Segment Start: The data
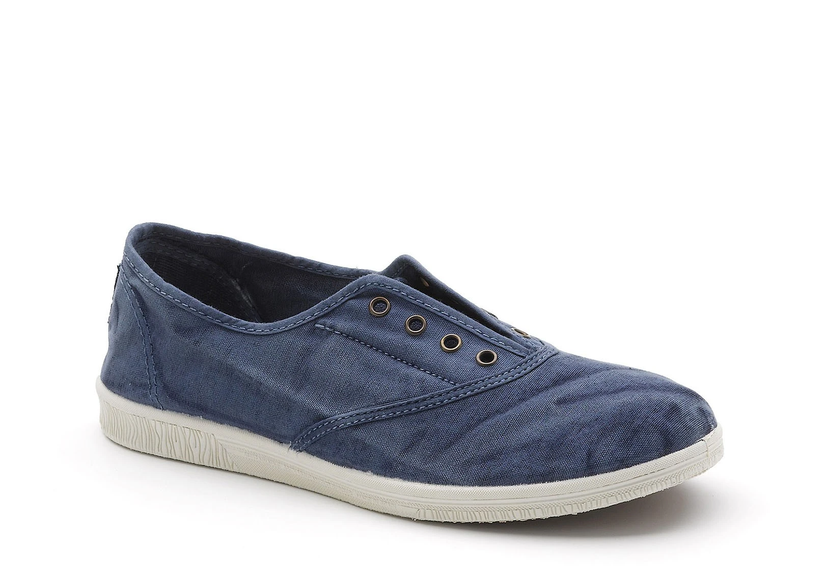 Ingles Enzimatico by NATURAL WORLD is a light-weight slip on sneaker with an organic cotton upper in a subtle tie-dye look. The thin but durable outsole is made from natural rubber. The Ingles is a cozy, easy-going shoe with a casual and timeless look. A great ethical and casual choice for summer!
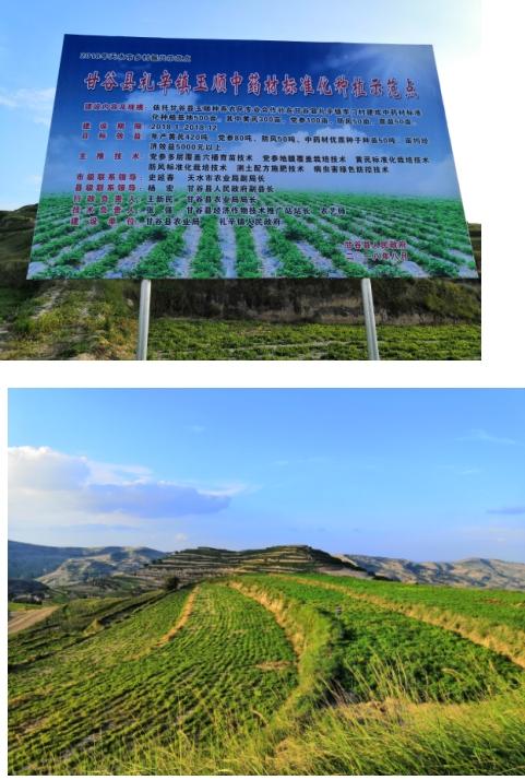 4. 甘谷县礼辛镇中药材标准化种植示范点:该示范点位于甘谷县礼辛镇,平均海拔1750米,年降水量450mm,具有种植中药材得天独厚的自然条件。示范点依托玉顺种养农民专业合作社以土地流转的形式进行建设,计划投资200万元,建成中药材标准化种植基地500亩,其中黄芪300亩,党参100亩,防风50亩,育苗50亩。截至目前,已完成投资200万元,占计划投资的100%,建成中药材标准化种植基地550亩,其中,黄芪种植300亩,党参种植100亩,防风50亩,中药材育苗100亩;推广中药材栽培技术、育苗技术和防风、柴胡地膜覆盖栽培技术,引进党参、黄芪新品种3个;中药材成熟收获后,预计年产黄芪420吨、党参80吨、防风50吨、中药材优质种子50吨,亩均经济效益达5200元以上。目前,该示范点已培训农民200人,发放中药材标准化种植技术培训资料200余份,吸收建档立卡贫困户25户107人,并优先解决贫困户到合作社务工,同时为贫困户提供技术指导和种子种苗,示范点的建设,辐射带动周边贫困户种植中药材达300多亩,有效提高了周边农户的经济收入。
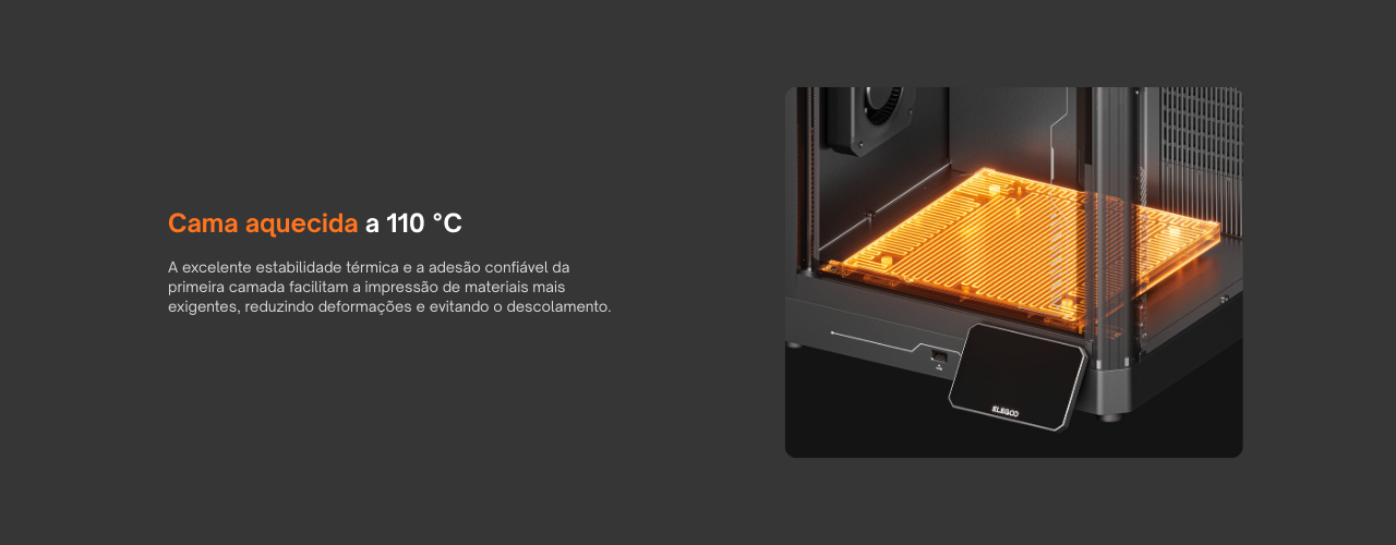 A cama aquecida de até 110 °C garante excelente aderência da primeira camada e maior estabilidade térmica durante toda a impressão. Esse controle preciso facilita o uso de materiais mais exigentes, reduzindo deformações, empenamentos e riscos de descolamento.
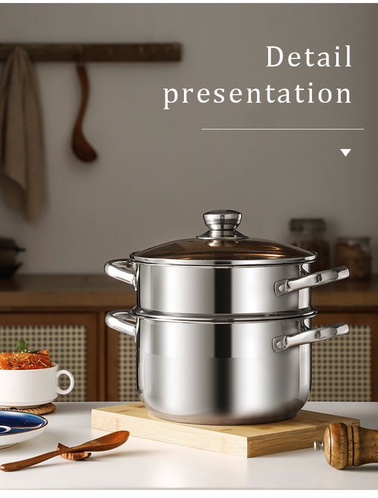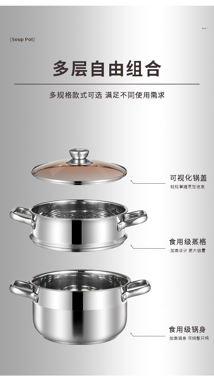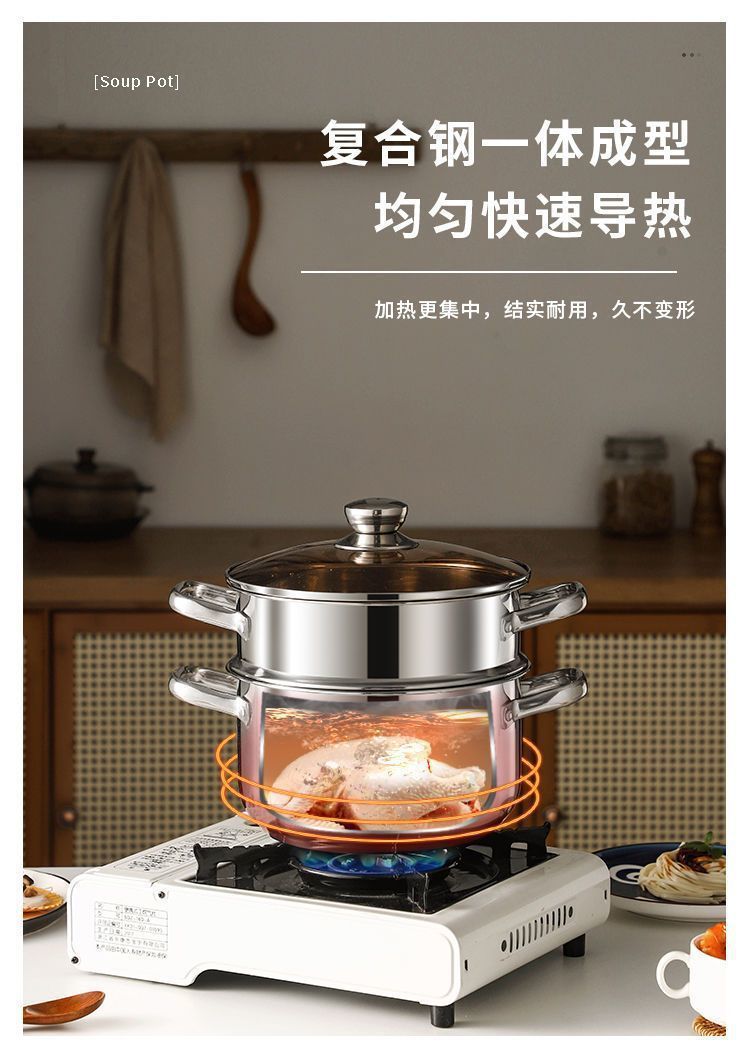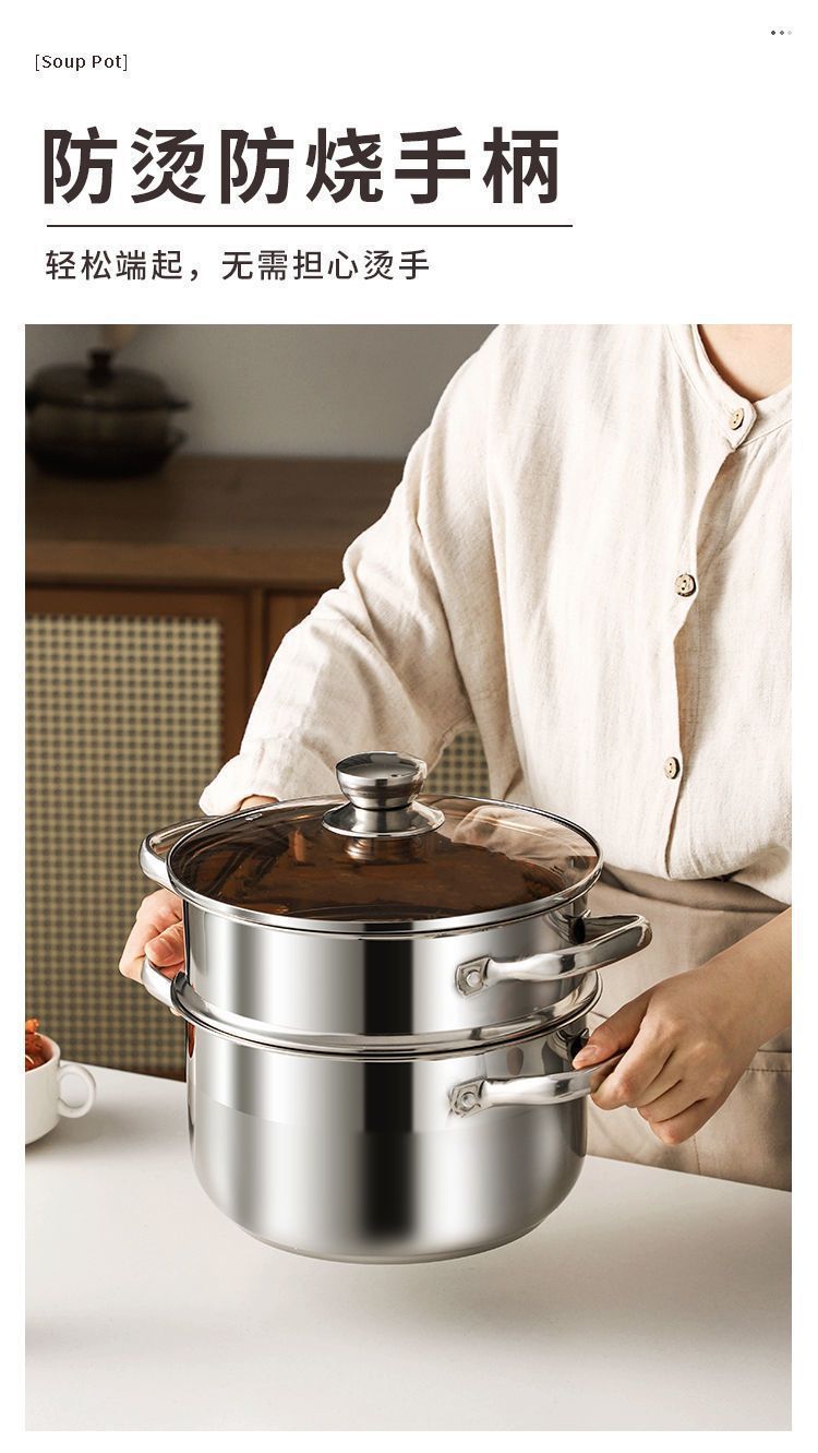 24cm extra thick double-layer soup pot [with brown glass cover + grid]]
Segment End: The data
Segment Start: The data
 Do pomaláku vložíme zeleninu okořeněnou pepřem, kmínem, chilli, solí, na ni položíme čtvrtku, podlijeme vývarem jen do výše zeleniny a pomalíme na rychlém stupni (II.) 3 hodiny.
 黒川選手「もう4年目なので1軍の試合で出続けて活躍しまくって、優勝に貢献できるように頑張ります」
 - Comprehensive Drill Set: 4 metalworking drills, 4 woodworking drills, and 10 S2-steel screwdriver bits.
Segment End: The data
● **Activity**
The expected answer is an exact copy of the lines above, beginning at the line with "Do pomaláku vložíme" and ending at the line with "- Comprehensive Drill", with both ends in.

● **Final answer**
 Do pomaláku vložíme zeleninu okořeněnou pepřem, kmínem, chilli, solí, na ni položíme čtvrtku, podlijeme vývarem jen do výše zeleniny a pomalíme na rychlém stupni (II.) 3 hodiny.
 黒川選手「もう4年目なので1軍の試合で出続けて活躍しまくって、優勝に貢献できるように頑張ります」
 - Comprehensive Drill Set: 4 metalworking drills, 4 woodworking drills, and 10 S2-steel screwdriver bits.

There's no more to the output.